After all, it was my pain and my choice; I was the one who had to deal with it. Then I came home from work one day to be informed that my wife had hired a gardener. She could no longer stand to watch me mow the yard in pain. I’d had no idea that it bothered her! She than asked one of the best questions of her life: “Mark, if you are this hampered by pain at 45, what will your life be like at 55? I want to be able to enjoy life with you. Would you please take responsibility to help yourself?” 

 It was pretty hard to argue with a wife who had been through 13 surgeries with me, pulled my shoulders back into place hundreds of times, and kept the household running during each of my recoveries. So, reluctantly I asked the family doctor to refer me a specialist who would look at my pain from a broader perspective. This doctor reviewed my history of pain, surgeries, massage, and physical therapy, and said that I did not have a shoulder problem; my shoulders hurt as a result of their attempts to compensate for pain. He then looked me in the eye to tell me that I “could probably compensate for most of my brain damage with the right level of commitment to improving myself.” 

 Here I was, 34 years after the accident, hearing for the first time that I had brain damage, that it was affecting the loved ones around me, and that it was my responsibility to deal with it. But I thought I had been dealing with it! Maybe I had been dealing with denying it. Wow. I started on the doctor’s plan, which included hooking me up to a Tens unit to confuse pain signals to the brain; physical therapy three days a week, which involved relearning how to use my muscles starting by crawling; massage therapy once a week; Rolfing once a week; and a visit to the doctor every two weeks to review my progress. 

 The second year we dropped the massage therapy and add five days a week of personal training. By the third year the tens unit was for occasional use only. Although I will spare more details here, let me say that these few years were life- changing for me. I began to get my body back. Five years into the plan, I decided that learning to swim would be a challenging but realistic goal. Today I can jump into the pool and swim a mile. That was so satisfying, I decided to go for inline skating. Yes, I can now roller blade. 

 Over the next 10 years I added the disciplines of EMDR, acupuncture, Pilates, and somatic experiencing. Ten years ago, my therapists told me I was still holding my head to brace for the bus impact. Today that is no longer true. Some of these disciplines have become so essential to me that I have made a personal life-long commitment to maintaining them—because when I stop, pain levels return, their impact on other family members increases, and after all, I really want to be able to continue playing on the floor with my soon-to-be-five grandchildren. 

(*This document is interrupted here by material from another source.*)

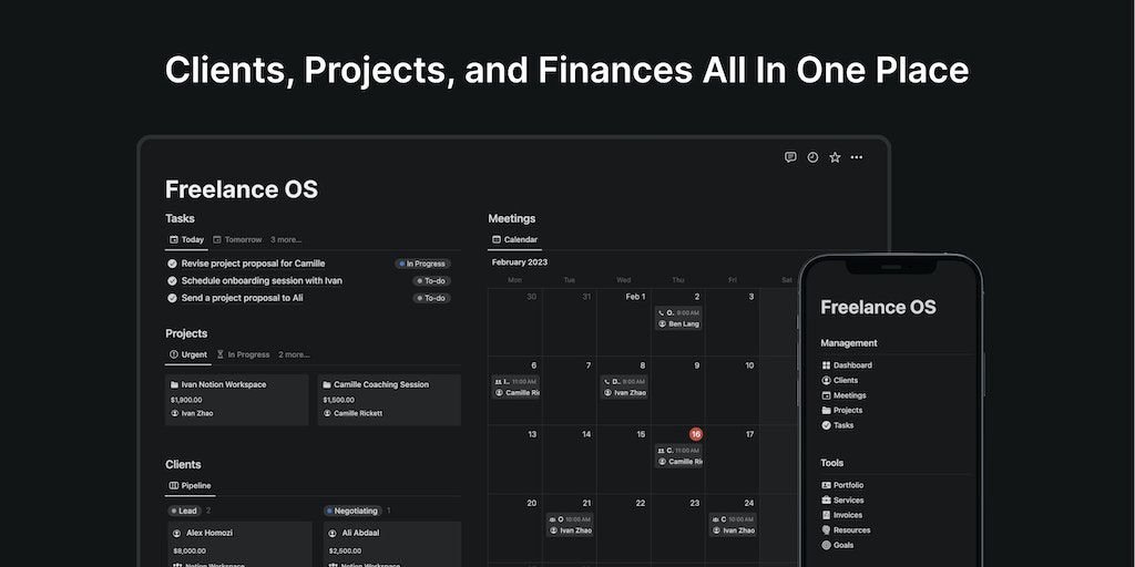 Make freelancing easier with Freelance OS - turns Notion into an all-in-one system for managing clients, projects, finances, and more.

 Taking the responsibility to be the best that I can be was the best decision I ever made. It completely changed my life—and the lives of my loved ones. As I share my story, I hear comments like: I never knew! What do you mean you slur your words? I was not a very good friend for not helping! You should have told me! You much not have been hurt as badly as I was. (Unfortunately, I know of no answer for that kind of comment) 

 What I have learned from the process is that denial, or failing to accept and take responsibility for the reality of my injuries and limitations, prolonged the suffering for myself and for those around me. The more I tried to ignore the pain and muscle my way past the disability, the more twisted and wracked with pain my body became. Ironically, the day I surrendered and finally accepted responsibility for my actual physical condition NOW, which is to say the day I finally accepted my “new normal,” is the day I began to work my way to freedom. That freedom has not been just for me, but for my loved ones, as well. Today we are enjoying a lifestyle far richer and more satisfying than the one we lived 15 years ago. That is a realistic hope I hold out for everyone. I have shared my story in a book Realistic Hope: Aspirations for Survivors of Traumatic Brain Injury. I have built a website for others to share their story.